4 Composées en rimes latines par saint Bonaventure, et mises en françois par Pierre Corneille. Paris, 1665, in-12.

si stérile pour celles de Dieu. Peut-être l'a-t-il ainsi voulu pour me donner d'autant plus de quoi m'humilier devant lui, et rabattre cette vanité si naturelle à ceux qui se mêlent d'écrire, quand ils ont eu quelque succès avantageux. En attendant qu'il lui plaise m'inspirer et m'attirer plus fortement, je vous fais cet aveu sincère de ma foiblesse, et ne me hasarderai à vous rien dire de lui que je n'emprunte de ceux qu'il a mieux éclairés.

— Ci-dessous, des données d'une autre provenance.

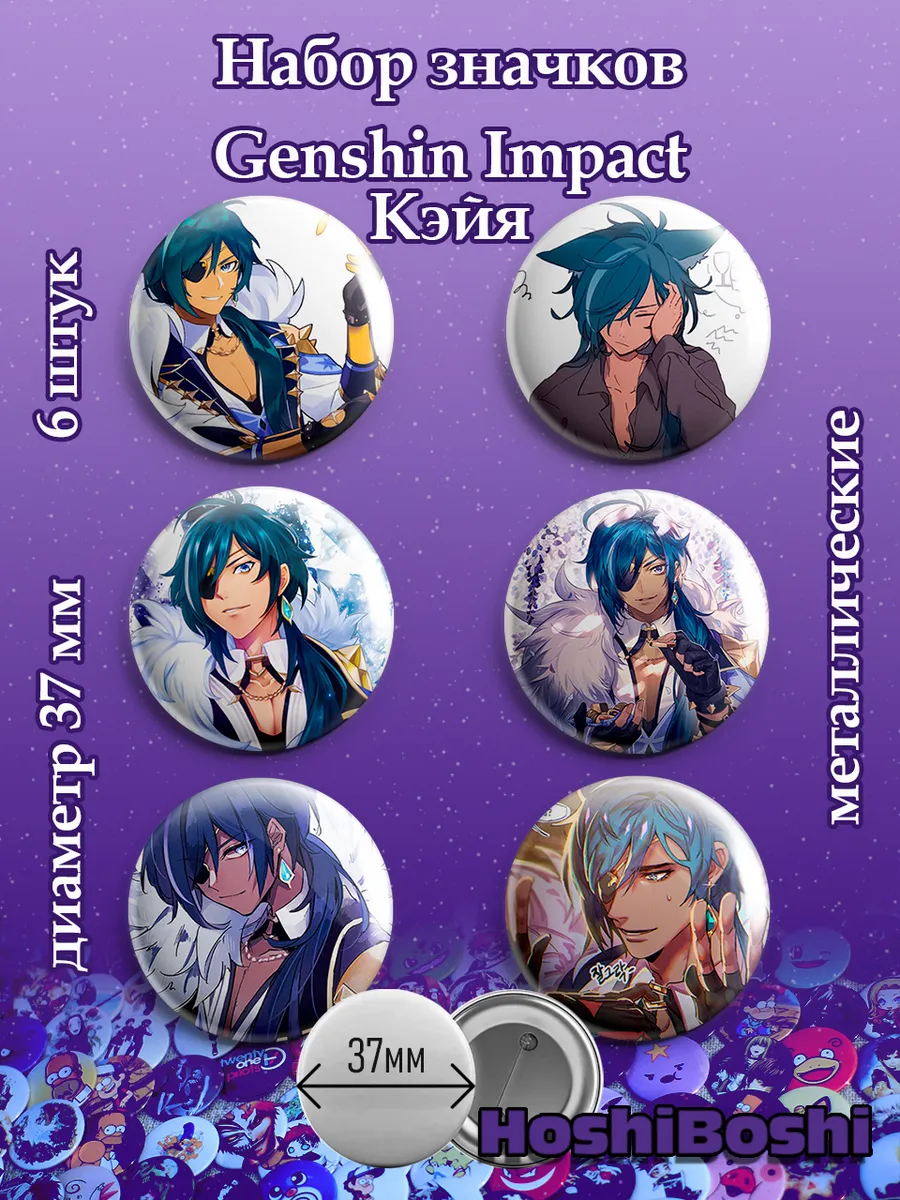 Набор из 6 металлических значков с изображениями из игры Геншин Импакт ( Genshin Impact ).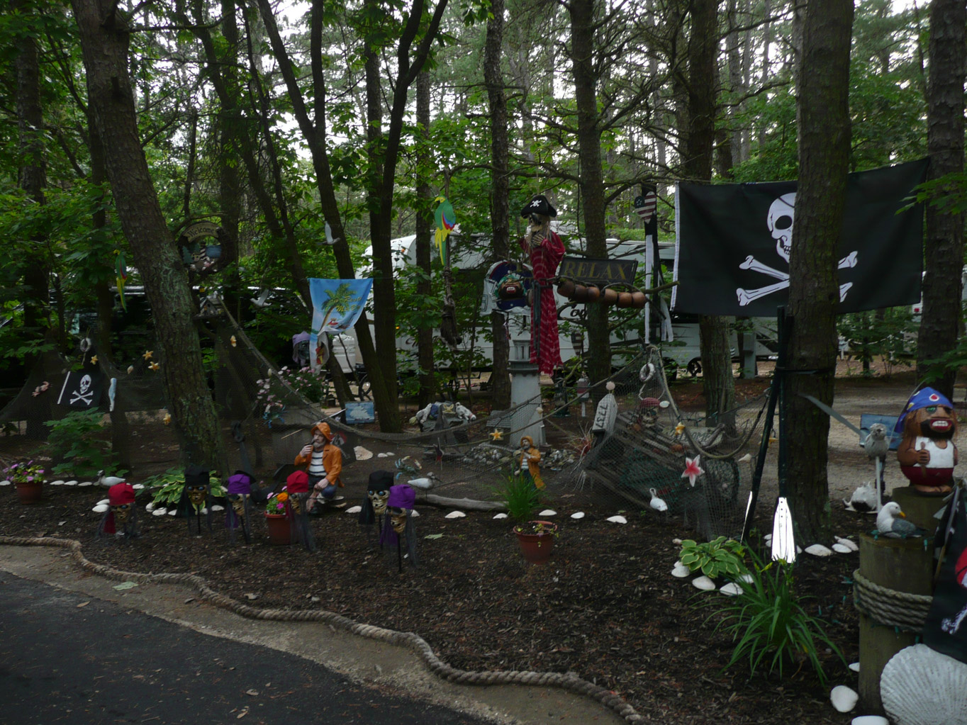 We wanted to have seafood again so we went to Mike’s Seafood & Raw Bar and sat on the back deck. We had “The Nantucket” which was a 1-1/4 pound lobster stuffed with bread scallops and shrimp. It was sure yummy. We got back to the campground and since we had quite a bit of firewood leftover, we finally got a great fire going tonight. The last day of vacation is always the best.

Accepte notre hommage, et souffre nos louanges,
Lis tout céleste en pureté,
Rose d'immortelle beauté.

Vierge, mère de l'humble et maîtresse des anges,
Tabernacle vivant du Dieu de l'univers,
Contre le dur assaut de tant de maux divers
Donne-nous de la force, et prête-nous ton aide;

Et jusqu'en ce vallon de pleurs
Fais-en du haut du ciel descendre le remède,
Toi qui sais excuser les fautes des pécheurs.

O Vierge sans pareille, et de qui la réponse
Mérita de porter et conçut Jésus-Christ,
Sitôt que Gabriel t'eut fait l'heureuse annonce
Qu'en un souffle sacré suivit le Saint-Esprit;
Vierge devant ta couche, et vierge après ta couche,
Montre en notre faveur que la pitié te touche,
Qu'aucun refuge à toi ne se peut égaler;
Et comme notre vie, en disgraces fertile,
Durant son triste cours incessamment vacille,
Incessamment aussi daigne nous consoler.

L'esprit humain se trouble au nom de vierge mère,
L'orgueil de la raison en demeure ébloui;
De la vertu d'en-baut ce chef-d'œuvre inouï
Pour leurs vaines clartés est toujours un mystère:
La foi, dont l'humble vol perce au-delà des cieux,
Pour cette vérité trouve seule des yeux,
Seule, en dépit des sens, la connoît, la confesse;
Et le cœur, éclairé par cette aveugle foi,
Voit avec certitude, et soutient sans foiblesse,
Qu'un Dieu pour nous sauver voulut naître de toi.